The bioinformatics arm of the Babraham Institute produces quite a few software packages, including some like FastQC that have achieved nearly ubiquitous adoption in the academic community. Other offerings from Babraham include Bismark for methylation profiling and Sherman for simulating NGS reads from bisulfite-treated DNA.
In my computational genome science class, there was a student that wanted to measure the accuracy of methylation profiling workflows, and he identified Bismark and Sherman as his tools of choice. He would identify a sequence of interest, use Sherman to simulate reads from that sequence, run the methylation call procedure, and then assess the accuracy of the methylation calls.
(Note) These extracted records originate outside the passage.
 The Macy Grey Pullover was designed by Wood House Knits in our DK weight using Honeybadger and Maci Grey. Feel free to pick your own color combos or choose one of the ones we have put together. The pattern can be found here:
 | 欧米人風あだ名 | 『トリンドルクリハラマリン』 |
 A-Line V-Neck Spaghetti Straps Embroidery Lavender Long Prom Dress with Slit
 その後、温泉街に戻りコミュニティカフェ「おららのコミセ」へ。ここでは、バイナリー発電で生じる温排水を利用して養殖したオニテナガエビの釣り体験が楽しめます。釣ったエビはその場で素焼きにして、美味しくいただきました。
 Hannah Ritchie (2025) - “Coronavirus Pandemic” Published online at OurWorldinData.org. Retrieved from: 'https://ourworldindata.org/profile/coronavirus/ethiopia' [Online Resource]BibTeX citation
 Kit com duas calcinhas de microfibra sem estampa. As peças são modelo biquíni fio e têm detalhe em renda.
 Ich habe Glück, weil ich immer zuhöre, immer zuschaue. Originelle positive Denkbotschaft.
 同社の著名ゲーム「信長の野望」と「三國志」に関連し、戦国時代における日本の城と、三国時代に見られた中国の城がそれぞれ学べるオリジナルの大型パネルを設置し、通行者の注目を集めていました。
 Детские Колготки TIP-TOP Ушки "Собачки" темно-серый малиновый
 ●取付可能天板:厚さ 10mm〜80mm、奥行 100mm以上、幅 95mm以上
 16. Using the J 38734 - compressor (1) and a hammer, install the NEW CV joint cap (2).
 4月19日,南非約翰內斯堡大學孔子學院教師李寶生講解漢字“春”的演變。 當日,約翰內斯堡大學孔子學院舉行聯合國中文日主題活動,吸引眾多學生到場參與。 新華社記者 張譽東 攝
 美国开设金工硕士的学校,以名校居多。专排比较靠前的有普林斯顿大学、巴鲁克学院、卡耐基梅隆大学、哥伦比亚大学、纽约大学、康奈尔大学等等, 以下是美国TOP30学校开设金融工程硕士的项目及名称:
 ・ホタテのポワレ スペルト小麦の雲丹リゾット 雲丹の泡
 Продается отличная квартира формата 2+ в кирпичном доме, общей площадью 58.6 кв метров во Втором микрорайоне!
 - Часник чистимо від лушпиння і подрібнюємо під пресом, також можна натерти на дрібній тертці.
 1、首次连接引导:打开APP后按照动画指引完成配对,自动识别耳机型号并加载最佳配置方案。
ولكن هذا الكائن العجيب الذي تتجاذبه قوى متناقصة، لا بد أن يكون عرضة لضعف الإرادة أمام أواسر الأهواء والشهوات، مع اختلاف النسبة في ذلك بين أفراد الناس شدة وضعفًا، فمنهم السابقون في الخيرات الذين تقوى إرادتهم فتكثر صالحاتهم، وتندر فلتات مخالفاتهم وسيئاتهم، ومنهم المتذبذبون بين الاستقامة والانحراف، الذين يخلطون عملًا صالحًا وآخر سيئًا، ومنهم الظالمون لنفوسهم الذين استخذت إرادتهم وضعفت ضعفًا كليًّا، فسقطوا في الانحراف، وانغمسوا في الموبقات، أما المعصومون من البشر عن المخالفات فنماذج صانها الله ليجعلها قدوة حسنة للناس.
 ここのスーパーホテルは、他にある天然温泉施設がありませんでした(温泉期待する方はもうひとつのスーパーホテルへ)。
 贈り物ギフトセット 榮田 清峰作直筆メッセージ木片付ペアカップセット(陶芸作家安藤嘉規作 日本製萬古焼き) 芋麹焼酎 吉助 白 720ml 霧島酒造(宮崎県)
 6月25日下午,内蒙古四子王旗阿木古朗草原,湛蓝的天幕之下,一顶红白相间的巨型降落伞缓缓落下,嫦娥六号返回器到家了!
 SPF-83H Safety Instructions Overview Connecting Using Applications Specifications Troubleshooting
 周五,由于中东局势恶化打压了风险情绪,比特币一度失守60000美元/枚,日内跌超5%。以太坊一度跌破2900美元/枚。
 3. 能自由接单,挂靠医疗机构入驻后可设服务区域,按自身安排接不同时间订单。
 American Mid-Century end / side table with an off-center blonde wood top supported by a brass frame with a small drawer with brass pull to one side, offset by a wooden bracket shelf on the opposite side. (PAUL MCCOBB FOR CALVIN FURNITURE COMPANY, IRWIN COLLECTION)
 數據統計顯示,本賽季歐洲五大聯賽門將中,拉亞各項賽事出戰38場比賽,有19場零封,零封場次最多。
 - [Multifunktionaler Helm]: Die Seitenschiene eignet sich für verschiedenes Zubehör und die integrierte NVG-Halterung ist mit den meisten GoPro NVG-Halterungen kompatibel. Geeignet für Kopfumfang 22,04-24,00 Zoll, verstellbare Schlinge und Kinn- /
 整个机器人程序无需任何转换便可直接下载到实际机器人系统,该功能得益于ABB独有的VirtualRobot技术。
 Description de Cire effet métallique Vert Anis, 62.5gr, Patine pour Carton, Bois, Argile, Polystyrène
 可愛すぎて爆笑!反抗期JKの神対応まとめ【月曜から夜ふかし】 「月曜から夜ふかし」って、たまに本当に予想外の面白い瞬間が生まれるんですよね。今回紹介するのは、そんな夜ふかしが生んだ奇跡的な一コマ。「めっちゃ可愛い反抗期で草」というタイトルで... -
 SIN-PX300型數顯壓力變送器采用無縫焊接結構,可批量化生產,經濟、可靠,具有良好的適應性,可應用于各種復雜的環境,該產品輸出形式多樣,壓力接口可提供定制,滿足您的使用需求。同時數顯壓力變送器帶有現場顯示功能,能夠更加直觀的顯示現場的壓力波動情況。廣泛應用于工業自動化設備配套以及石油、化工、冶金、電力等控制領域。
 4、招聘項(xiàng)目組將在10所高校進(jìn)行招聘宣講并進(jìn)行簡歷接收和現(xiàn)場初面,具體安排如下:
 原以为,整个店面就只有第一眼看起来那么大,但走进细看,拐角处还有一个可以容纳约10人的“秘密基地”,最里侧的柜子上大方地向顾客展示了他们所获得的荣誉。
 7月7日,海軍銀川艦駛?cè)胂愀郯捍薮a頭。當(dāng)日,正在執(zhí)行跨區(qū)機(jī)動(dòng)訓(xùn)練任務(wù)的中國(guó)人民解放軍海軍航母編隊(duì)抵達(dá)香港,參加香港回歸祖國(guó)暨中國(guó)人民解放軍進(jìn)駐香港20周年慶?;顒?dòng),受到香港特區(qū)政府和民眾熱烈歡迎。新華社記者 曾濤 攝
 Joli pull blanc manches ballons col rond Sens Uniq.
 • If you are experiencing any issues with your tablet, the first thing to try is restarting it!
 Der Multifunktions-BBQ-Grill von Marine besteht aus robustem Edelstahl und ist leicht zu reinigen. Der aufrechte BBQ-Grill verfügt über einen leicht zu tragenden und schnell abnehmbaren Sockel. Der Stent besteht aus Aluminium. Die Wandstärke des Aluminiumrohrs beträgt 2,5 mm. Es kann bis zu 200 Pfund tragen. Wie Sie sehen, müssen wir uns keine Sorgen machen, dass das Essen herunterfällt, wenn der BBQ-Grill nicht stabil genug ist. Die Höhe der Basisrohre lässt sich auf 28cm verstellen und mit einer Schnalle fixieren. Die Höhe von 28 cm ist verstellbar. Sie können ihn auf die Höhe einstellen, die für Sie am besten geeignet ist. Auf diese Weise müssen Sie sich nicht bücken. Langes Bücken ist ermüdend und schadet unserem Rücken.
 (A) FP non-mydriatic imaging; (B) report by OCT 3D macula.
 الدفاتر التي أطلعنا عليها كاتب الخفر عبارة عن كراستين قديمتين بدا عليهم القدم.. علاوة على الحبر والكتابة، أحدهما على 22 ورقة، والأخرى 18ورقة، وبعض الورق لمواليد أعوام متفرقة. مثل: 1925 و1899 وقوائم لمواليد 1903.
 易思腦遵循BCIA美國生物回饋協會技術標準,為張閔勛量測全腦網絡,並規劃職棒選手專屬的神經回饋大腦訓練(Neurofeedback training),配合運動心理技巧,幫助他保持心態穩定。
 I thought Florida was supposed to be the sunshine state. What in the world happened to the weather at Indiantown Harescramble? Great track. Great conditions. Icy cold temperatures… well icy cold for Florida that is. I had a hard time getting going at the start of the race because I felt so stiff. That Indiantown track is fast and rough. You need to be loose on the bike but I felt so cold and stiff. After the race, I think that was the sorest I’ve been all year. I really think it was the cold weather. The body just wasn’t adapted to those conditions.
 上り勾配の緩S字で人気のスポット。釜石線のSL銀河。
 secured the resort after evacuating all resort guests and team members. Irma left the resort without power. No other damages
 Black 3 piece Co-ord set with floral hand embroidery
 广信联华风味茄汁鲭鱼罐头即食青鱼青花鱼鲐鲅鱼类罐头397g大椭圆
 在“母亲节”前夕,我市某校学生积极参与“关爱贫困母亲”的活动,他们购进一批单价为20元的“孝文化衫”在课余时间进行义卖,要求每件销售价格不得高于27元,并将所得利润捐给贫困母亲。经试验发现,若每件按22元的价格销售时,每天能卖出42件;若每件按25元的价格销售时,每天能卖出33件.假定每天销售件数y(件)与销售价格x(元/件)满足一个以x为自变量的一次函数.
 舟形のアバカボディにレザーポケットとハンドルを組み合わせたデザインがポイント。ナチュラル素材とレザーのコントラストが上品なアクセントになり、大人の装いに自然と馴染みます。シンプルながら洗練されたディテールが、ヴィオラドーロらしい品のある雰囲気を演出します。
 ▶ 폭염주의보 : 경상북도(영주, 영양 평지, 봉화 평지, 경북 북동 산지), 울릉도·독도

There was a slight problem, though: Sherman is random in its conversion of Cs to Ts, and the number of conversions can only be controlled by things like error rate and conversion rate. By default, Sherman provides no way to “protect” a C from conversion the way a methyl group does on actual genomic DNA. So there was no way to assess the accuracy of the methylation profiling workflow since we had no way of indicating/knowing which Cs should be called methylated!
After a bit of chatting, however, we came up with a workaround. In our genomic DNA fasta file, any Cs we want to protect from conversion (i.e. methylate them in silico) we simply convert to X. Then we run Sherman, which will convert Cs to Ts at the specified conversion rate but will leave Xs alone. Then, after simulating the reads but before the methylation analysis procedure, we simply change Xs back to Cs. This seemed to pass some sanity tests for us, and we contacted the author of Sherman, Felix Krueger (@FelixNmnKrueger), who confirmed that he saw no potential pitfalls with the approach.
I like this little hack, and assuming I ever use it myself in the future, I will probably create a script that does the C -> X conversion from a GFF3 file or a list of “methylation sites” in some other format (the conversion from X back to C is trivial).